Toshiba Debuts Image Recognition SoC for ADAS and Autonomous Vehicles

Toshiba Electronic Devices and Storage Corporation (‘Toshiba’) has developed an image recognition SoC (System on Chip) for automotive applications. The company says that the new SoC implements deep learning accelerator at at a speed that is 10 times and has a power efficiency that is 4 times that of its predecessor.

SoC provides image recognition capabilities to help advanced driver assistance systems (ADAS), like autonomous emergency braking systems to recognize road traffic signs and road situations at high speed with low power consumption. With consumers expecting more from the vehicles of the future in terms of safety and technology, such ADAS features need increasingly advanced capabilities.

In the new SoC, deep neural networks (DNN), algorithms which replicate the neural networks seen in our brains, perform recognition processing more accurately than conventional pattern recognition and machine learning. It is expected that they would be highly useful in automotive applications. One drawback with DNN-based image recognition with conventional processors is that it takes time, as it calls for numerous multiply-accumulate (MAC) calculations. DNN having conventional high-speed processors also need too much power. Toshiba has tackled this issue with a DNN accelerator that implements deep learning in hardware. It has three features.

• Parallel MAC units. DNN processing needs many MAC computations. Toshiba’s new SoC has four processors, and each of them has 256 MAC units. This boosts DNN processing speed.

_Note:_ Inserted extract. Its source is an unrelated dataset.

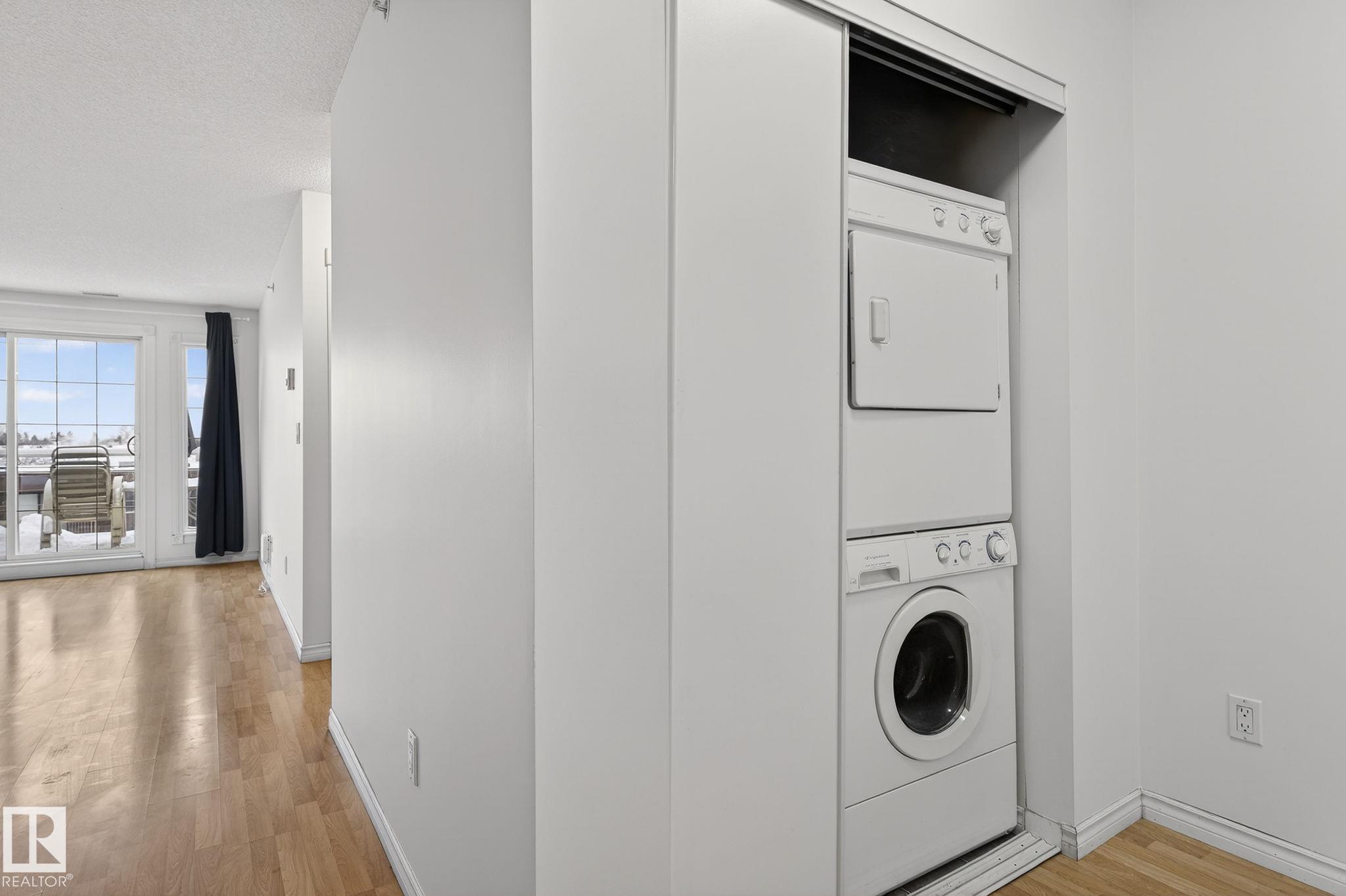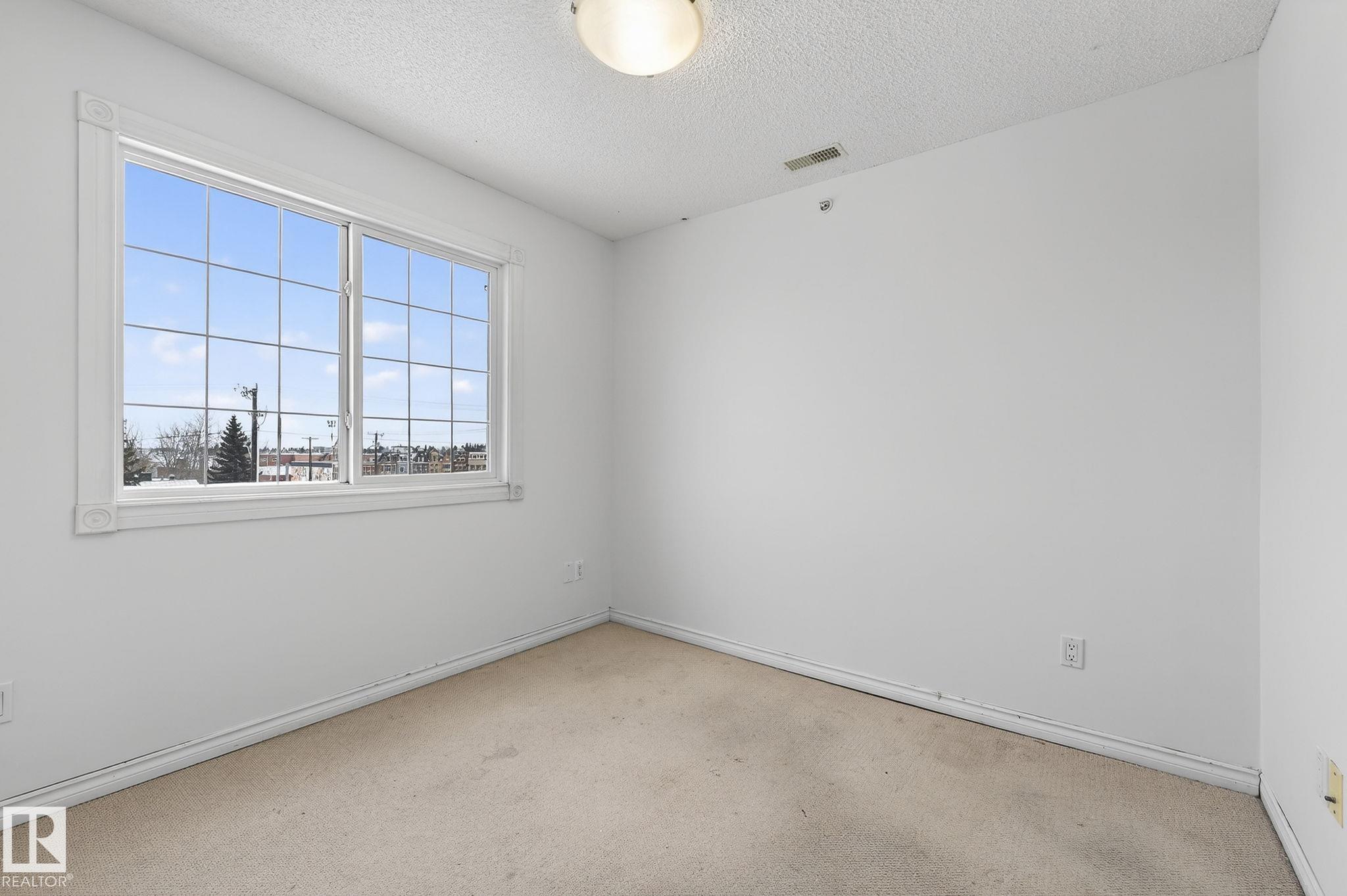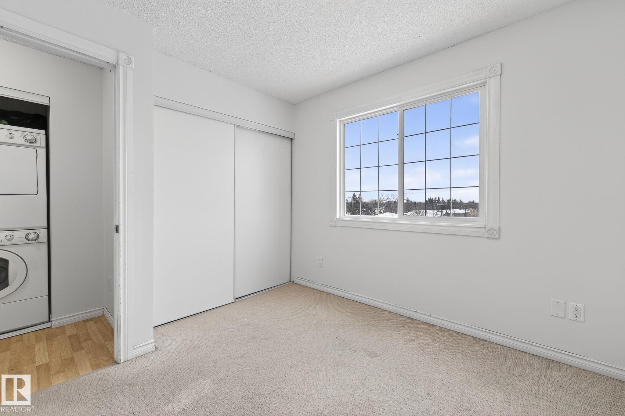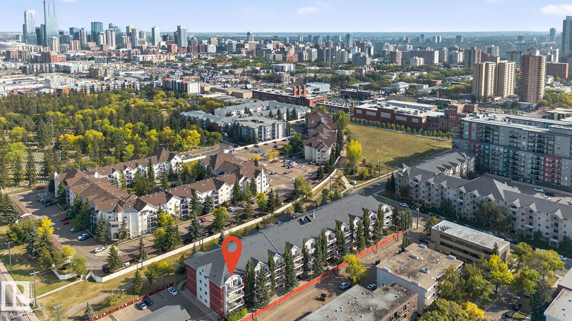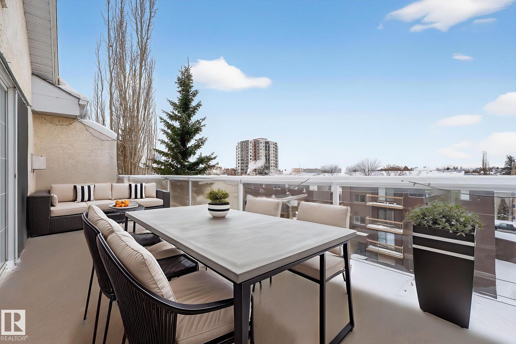 Welcome to Glenora Mansion! one or more photos were virtually satged! This beautiful top-floor, corner 808 sq. ft. 2-bedroom condo offers exceptional privacy, comfort, and an unbeatable location. With stairwells located on one side, there is minimal foot traffic and no neighboring noise, making it ideal for quiet, carefree living. The open-concept layout is bright and inviting, flowing seamlessly to a spacious west-facing patio with a gas BBQ hookup and completely unobstructed open views--perfect for entertaining or enjoying peaceful sunsets. The unit features a full bathroom, in-suite laundry, air conditioning, and single carport parking. Residents also enjoy access to a fully equipped fitness gym within the building. Ideally located near Grant MacEwan University, Rogers Place, Downtown, and LRT/public transit, this home combines convenience, privacy, and style. Perfect location, beautiful views, and looks just as impressive in person as it does in the pictures!

• Reduced DRAM access. Conventional SoC lacks local memory to keep temporal data close to the DNN execution unit. It requires a lot of power to keep accessing local memory. Power is also used up for loading the weight data, which is needed for the MAC calculations. In the new SoC, SRAM are implemented close to the DNN execution unit. The DNN processing is divided into sub-processing blocks to retain the temporal data in the SRAM, thus reducing the need for DRAM access. Toshiba has also added a decompression unit to the accelerator. Weight data, which is compressed and stored in DRAM in advance, are loaded through the decompression unit, thus reducing the power consumption needed to load weight data from DRAM.

• Reduced SRAM access. Conventional deep learning needs to access SRAM after processing each layer of DNN, and this requires too much power. The accelerator on the other hand has a pipelined layer structure in the DNN execution unit of DNN. This facilitates a series of DNN calculations which can be executed through one time SRAM access.

According to Toshiba, the new SoC is compliant with ISO26262, the global standard for functional safety for automotive applications. The company will continue to working on ramping up the power efficiency and processing speed of the developed SoC and is slated to commence sample shipments of ‘Visconti 5’, the next generation of Toshiba’s image-recognition processor, in September 2019.